13721.fb2
Когда Петр Васильевич вошел в маленькую каюту, у двери которой стоял часовой с ружьем, Сойкин сидел на койке и набрасывал какой-то рисунок.
— Ну вот и я к вам, батенька, посланником от капитана… Эка карандаш…
— Вы меня извините, Петр Васильевич…
— Эх, вы… Еще извиняетесь… Может быть, мне извиниться, что допустил… Ну… милый человек… А так ли не так ли, а вы извинитесь…
Сойкин переменился в лице.
— Нехорошо, Степан Ильич… Вы оскорбили и повиниться не хотите?..
— Трудно, Петр Васильич…
— Положим, Байдаров нехорошо поступил… травил… пакости говорил…
— Это я бы еще снес, Петр Васильевич. Я ведь выносливый… Не хотел скандала… Но этого не вынес…
— А чего?
— Он, право, подлец… Можете себе представить… Он одну мерзость сказал за обедом про одну даму… А я… я… хорошо знаю эту даму… Она… Она… благороднейшая и лучшая женщина, которую я знал… И он знал, что она моя хорошая знакомая, а все-таки… Понимаете? И ведь все подло лгал… Эта дама отвергла его… так он мне мстить выдумал… Ну, все… все меня и заставило ударить его, Петр Васильевич… Так посудите… Могу ли я извиняться?..

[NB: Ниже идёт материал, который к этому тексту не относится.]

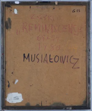 Henryk Musiałowicz (Gniezno 5 I 1914 - Warszawa 24 II 2015) od 1930 uczył się w Państwowej Szkole Sztuk Zdobniczych i Przemysłu Artystycznego w Poznaniu. W 1936 uzyskał absolutorium na Wydziale Malarstwa Dekoracyjnego i Witrażownictwa. W 1937 podjął studia malarskie w warszawskiej ASP pod kierunkiem Felicjana Kowarskiego i Leonarda Pękalskiego (dyplom pod kierunkiem tego pierwszego uzyskał w 1947). Lata okupacji spędził w Warszawie, kontynuując twórczość artystyczną (wykonywał w tym czasie m.in. ekslibrisy). Współpracował z Departamentem Informacji Delegatury Rządu na Kraj. Od 1940 związany był z grupą absolwentów warszawskiej uczelni, działającą w latach okupacji w tzw. Bacciarellówce na terenie Zamku Królewskiego, a po wojnie znaną jako grupa „Warszawa“. W sztuce Musiałowicza, zwłaszcza bezpośrednio po wojnie, silnie zaznaczyły się wątki związane z martyrologią, tragedią Powstania Warszawskiego, zburzeniem Warszawy, której ruiny upamiętnił w cyklu rysunków z 1945-1946. Poszukując formy odpowiedniej dla przeżyć wojennych, znalazł ją w sztuce Holendrów, zwłaszcza Rembrandta, którego twórczość poznał podczas podróży w 1956. Odtąd na stałe zdominował jego malarstwo ciemny koloryt, uspokojona, niekiedy hieratyczna kompozycja form zaledwie sugerujących figury ludzkie, bogata faktura i połyskliwość powierzchni. Z czasem artysta zaczął konstruować formy przestrzenne z drewna, jak zwykle pokrytego bogatą warstwą malarską, w wydłużonych stojących kształtach. Musiałowicz do 1983 aktywnie działał w ZPAP. Był członkiem międzynarodowych organizacji artystycznych, w tym kilku włoskich, jak Accademia Tibertina w Rzymie (od 1965), Accademia Italiana delle Arti e del Lavoro w Parmie (od 1979), Accademia Europea, Calvatone (od 1985). W 2002 wielką retrospektywę jego twórczości zorganizowało Muzeum Narodowe w Poznaniu.
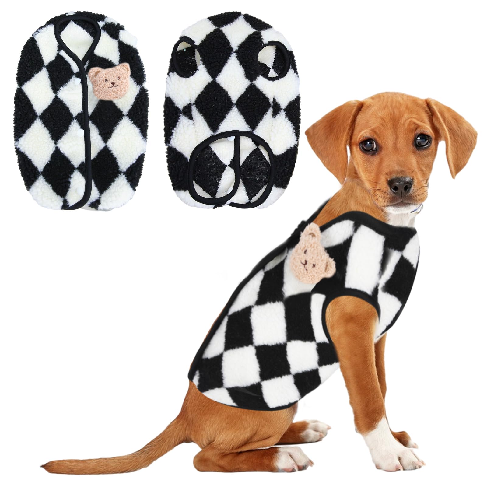 Dog Jumper,Dog Jumper for Small Medium Dogs Winter Fleece Warm Puppy Jacket Soft Dog Cat Jumper Pet Winter Clothes for Autumn,Winter Cats,Dogs Clothes,Welsh Corgi,Yorkshire Terrier,Chihuahua,Beagles Outfit (Brown Black,L XL 2XL) Product Details: Package Includes:1×Dog Jumper Color:Brown Material:Shaker Fleece Size: L XL XXL-Please refer to the size chart. Weight:72g 86g 97g Features: 1.Simple Fashionable:Simple colour matching and design,fashionable and simple,make your pet look more beautiful. 2.Convenient:Button design,easy to take care of,easy for your pet to wear and take off. 3.Easy to Clean:The dog jumper can be machine or hand washed,very convenient, also can be tumble dried or air dried. Warm Tips:Please measure your pet's size before buying,you could choose a suitable size according to our size chart. (Recommended to choose a size larger than the measuring size)SizeWarm dog sweater is suitable for medium and small dogs.Please refer to our size table to choose the appropriate size before purchg.It is recommended to buy a size larger than the measured size.If you have any questions about our products,please feel free to contact us,we will provide you with after-sales,you can buy with confidence. Widely UseWinter fleece jumper vest sweaters are comfortable to wear and exquisite in workmanship.It is very suitable for daily wear in autumn and winter.It is suitable for small and medium pet cats and dogs,such as puppies,Chihuahuas,Yorkie,King Charles beagles,Cockapoo,Jack Russell Terrier,Beagle,etc. Fashion BreathableThere are two colors to choose from: brown and black.This Small dog jumper is simple in color and designed with a diamond pattern.The back is a cardigan design,which is easy to wear and take off,which is convenient for your pet to go to the toilet. With cute trinkets,it makes your pet more fashionable and charming in the cold season. Soft WarmOur dog fleece jumper is made of single-layer high-quality fleece fabric,which is soft and elastic.It is very friendly to the skin of pet cats and dogs.It is comfortable and breathable to wear,so that your furry friend can feel comfortable and warm in the cold weather of autumn and winter,applicable both indoors and outdoors. Warm Dog SweaterThe dog jumper is available in three sizes,including L XL 2XL,which is suitable for small and medium-sized dogs,and brown and black colors for you to choose from.Please measure the size of your pet before purchg,and you can choose according to our size table.(It is recommended to choose a size larger than the measured size).
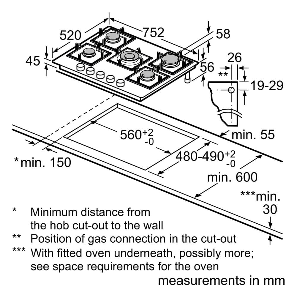 Neff T27PIQ4S0 75cm N70 5 Burner Gas On Glass Hob – BLACK
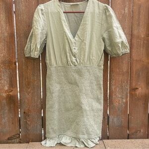 STORIA Women’s Pale Green Smocked Fitted Dress Mini Size Large
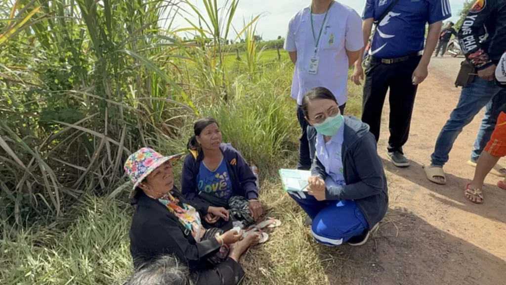 วันที่ 24 ตุลาคม 2568 เวลา 08.30 น. ร.ต.ท. สมประสงค์ สายโสม ร้อยเวร สภ.เมืองมุกดาหาร ได้รับแจ้งจากนางโอคำ อายุ 55 ปี ชาวบ้านเหมืองบ่า ตำบลคำอาฮวน อำเภอเมือง จังหวัดมุกดาหาร ว่าสามีตนเองผูกคอตายที่บริเวณไร่อ้อย โดยผูกกับกิ่งมะม่วง จึงได้รายงานให้ พ.ต.อ.ประยุทธ์ เรือนทองคำ ผกก.สภ.เมืองมุกดาหารทราบ และได้ประสานสมาคมกู้ภัยร่วมใจมุกดาหาร และ แพทย์เวรโรงพยาบาลมุกดาหาร พร้อมด้วยเจ้าหน้าที่ตำรวจลงพื้นที่ตามที่ได้รับแจ้งดังกล่าว ที่เกิดเหตุเป็นไร่อ้อย ที่ใต้ต้นมะม่วงพบศพนายวินิจ อายุ 57 ปี ลักษณะนั่งคุกเข่า ใต้โคนต้นมะม่วง สภาพร่างการถูกมดแดงกัดแทะไปบางส่วน
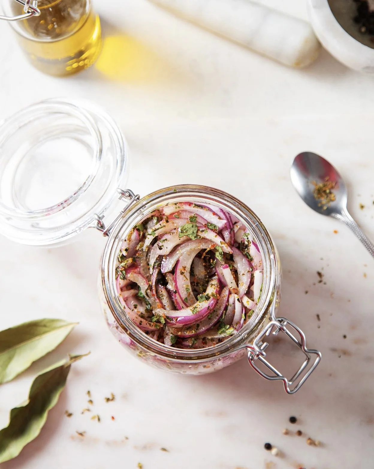 ШАГ 2 Лук выложить в банку слоями со специями, орегано, лавровым листом. Каждый слой придавливать и заливать смесью из уксуса и оливкового масла.

Голос Петра Васильевича звучал так нежно и грустно, когда он ответил:
— И все-таки должны… Ради этой самой женщины должны… Разве это расправа… Эх, дорогой юноша, труднее бывают вещи, и все-таки… правильнее не платить за скверное скверным…
Старший офицер еще говорил, рассказывая в третьем лице нечто похожее на прежнее свое положение, и Сойкин наконец согласился…
— Спасибо… Не надо ли чего?.. Лимонад от меня требуйте…
Через минуту Петр Васильевич стучался в двери каюты Байдарова.
— Войдите!..
Байдаров сидел у шифоньерки и писал письмо.
Он обернулся и, увидав старшего офицера, встал.
Его лицо дышало злобой, страданием и решимостью.
— Что прикажете? — резко спросил он старшего офицера.
Петр Васильевич, смущенный, словно виноватый, передал совет капитана списаться в Батавии с корвета и прибавил, что Сойкин хочет извиниться перед Николаем Николаевичем при всех товарищах в кают-компании.
Оба они не глядели друг на друга.
— Я и без приказания капитана спишусь с корвета. А извинения Сойкина не желаю! — ответил Байдаров. И, помолчав, прибавил: — Это, верно, ваша идея моего удовлетворения?
— И моя, Николай Николаич.
— Я так и думал. Вы ведь недаром необыкновенно христиански терпимы. Об этом весь Кронштадт знает! — прибавил Байдаров и засмеялся.
Петр Васильевич выскочил из каюты, ужаленный в самое сердце.
В тот же вечер капитан приказал снять часового, и Сойкин находился под домашним арестом. К нему заходили многие офицеры.
Зашли к арестованному Петр Васильевич и Афанасий Петрович.
Старший офицер сообщил, что Байдаров извинением не удовлетворился.
— И черт с ним! — вставил старший штурман.
— Байдаров, конечно, вызовет вас на дуэль в Батавии, Степан Ильич.
— А вы откажетесь, Степан Ильич? — заметил Афанасий Петрович.
— Разумеется, должен отказаться! — говорил старший офицер.
Молодой человек взволнованно сказал:
— Я не откажусь… Я не позорный трус!
— Вас не выпустят в Батавии из каюты. И сидите…
Оба стали убеждать молодого человека.
Сойкин колебался.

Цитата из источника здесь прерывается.